Records drawn from a dataset:
.....

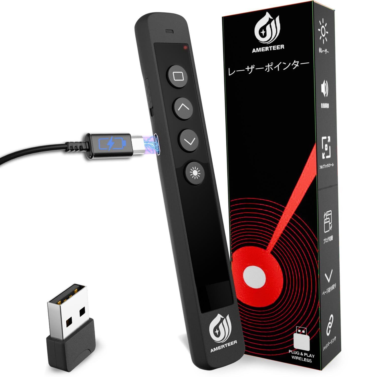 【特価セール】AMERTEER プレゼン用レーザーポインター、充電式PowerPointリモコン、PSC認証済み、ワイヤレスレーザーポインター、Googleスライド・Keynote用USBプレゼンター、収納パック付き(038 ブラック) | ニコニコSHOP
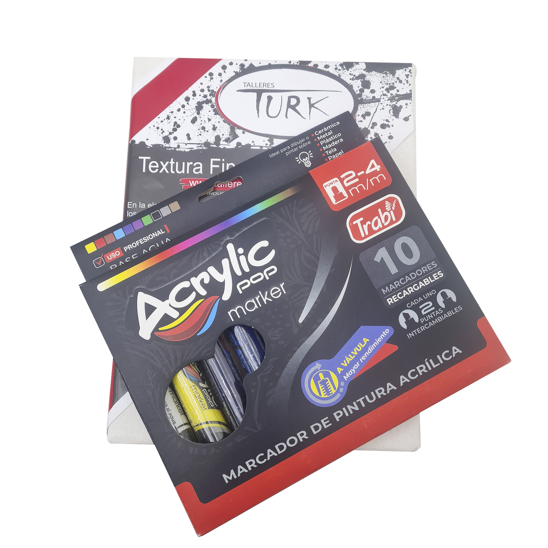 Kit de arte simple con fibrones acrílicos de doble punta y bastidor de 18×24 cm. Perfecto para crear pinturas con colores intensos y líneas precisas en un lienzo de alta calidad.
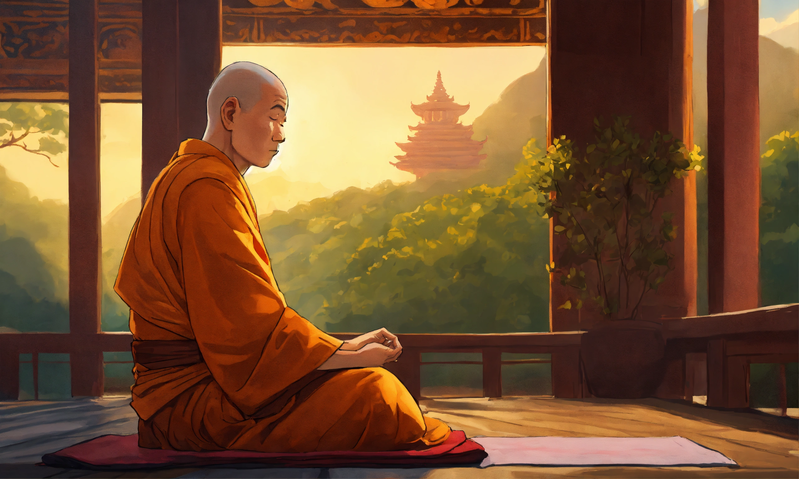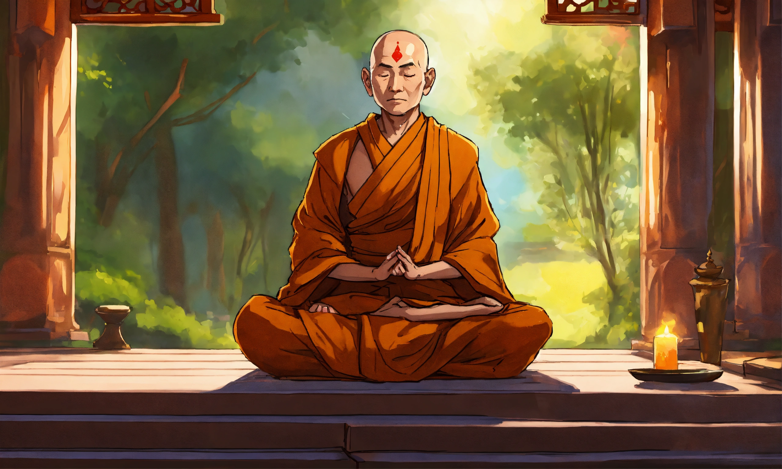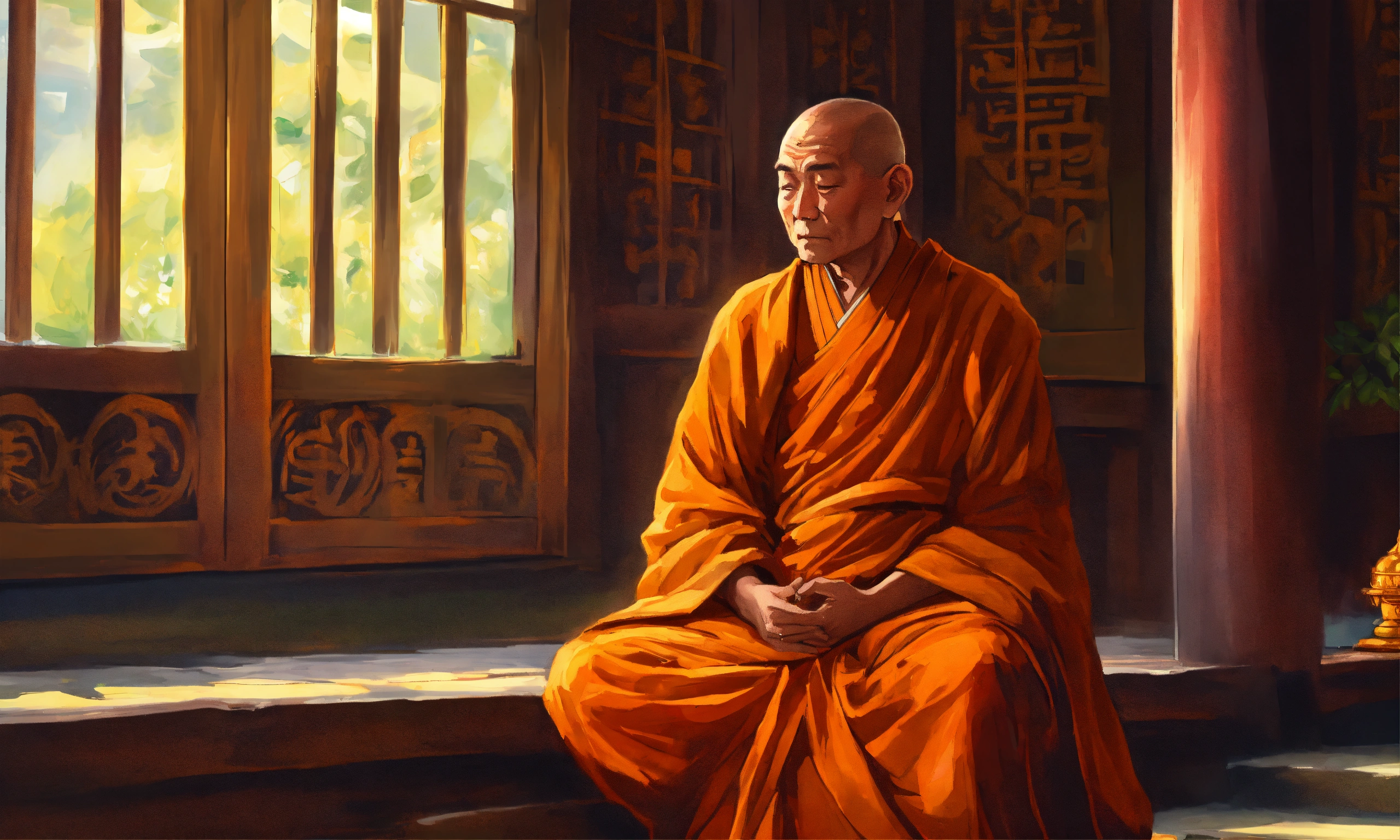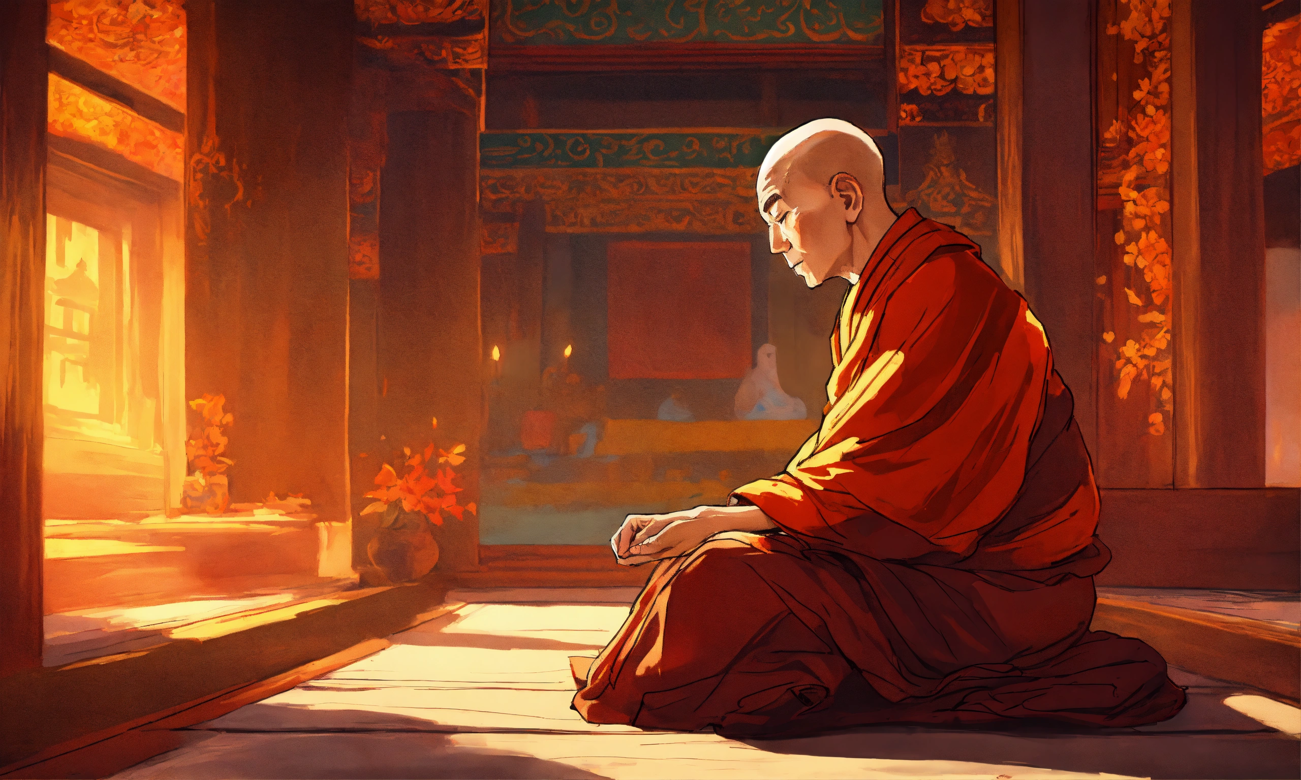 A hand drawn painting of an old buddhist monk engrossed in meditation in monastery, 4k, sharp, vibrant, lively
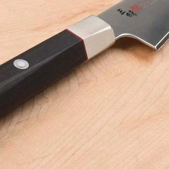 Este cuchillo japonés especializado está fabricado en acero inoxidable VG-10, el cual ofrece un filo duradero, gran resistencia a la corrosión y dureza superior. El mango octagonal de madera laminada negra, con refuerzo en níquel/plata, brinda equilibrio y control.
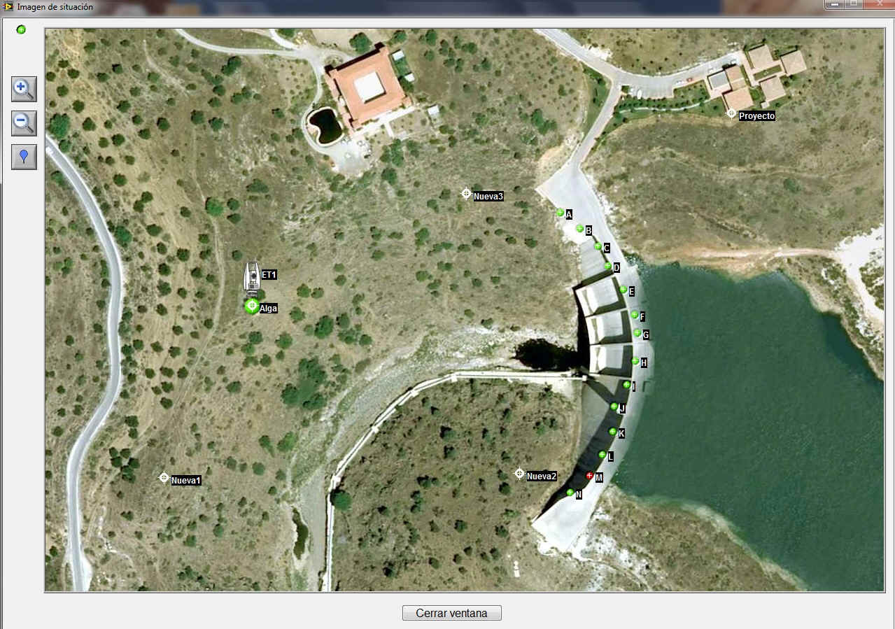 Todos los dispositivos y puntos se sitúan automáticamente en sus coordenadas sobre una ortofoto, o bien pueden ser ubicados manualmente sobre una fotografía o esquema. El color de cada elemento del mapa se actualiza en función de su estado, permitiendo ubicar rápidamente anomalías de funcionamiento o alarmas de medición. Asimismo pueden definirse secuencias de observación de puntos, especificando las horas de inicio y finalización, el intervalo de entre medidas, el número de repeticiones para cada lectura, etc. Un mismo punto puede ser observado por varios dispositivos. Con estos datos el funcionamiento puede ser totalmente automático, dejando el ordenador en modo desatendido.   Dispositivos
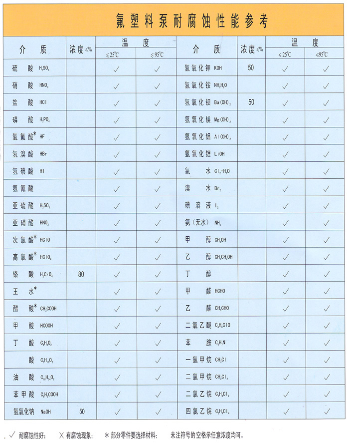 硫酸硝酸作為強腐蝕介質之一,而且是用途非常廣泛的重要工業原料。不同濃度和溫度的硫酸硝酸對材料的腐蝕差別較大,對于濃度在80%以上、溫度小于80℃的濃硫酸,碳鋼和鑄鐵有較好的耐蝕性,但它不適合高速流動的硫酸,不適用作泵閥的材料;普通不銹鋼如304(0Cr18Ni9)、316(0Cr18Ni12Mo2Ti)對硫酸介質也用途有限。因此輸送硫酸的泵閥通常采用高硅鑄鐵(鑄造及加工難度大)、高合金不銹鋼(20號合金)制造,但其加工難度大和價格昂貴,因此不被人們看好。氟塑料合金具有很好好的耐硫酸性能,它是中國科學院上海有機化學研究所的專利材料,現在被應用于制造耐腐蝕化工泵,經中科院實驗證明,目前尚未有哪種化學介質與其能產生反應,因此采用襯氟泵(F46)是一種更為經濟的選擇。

.....

• [REQUIREMENT]:
The lines above from the line with "Kit de arte" through the line with "A hand drawn" are to be given again word for word, with no pictures among them.

• [SOLUTION FOR THIS PROBLEM]:
 Kit de arte simple con fibrones acrílicos de doble punta y bastidor de 18×24 cm. Perfecto para crear pinturas con colores intensos y líneas precisas en un lienzo de alta calidad.
 A hand drawn painting of an old buddhist monk engrossed in meditation in monastery, 4k, sharp, vibrant, lively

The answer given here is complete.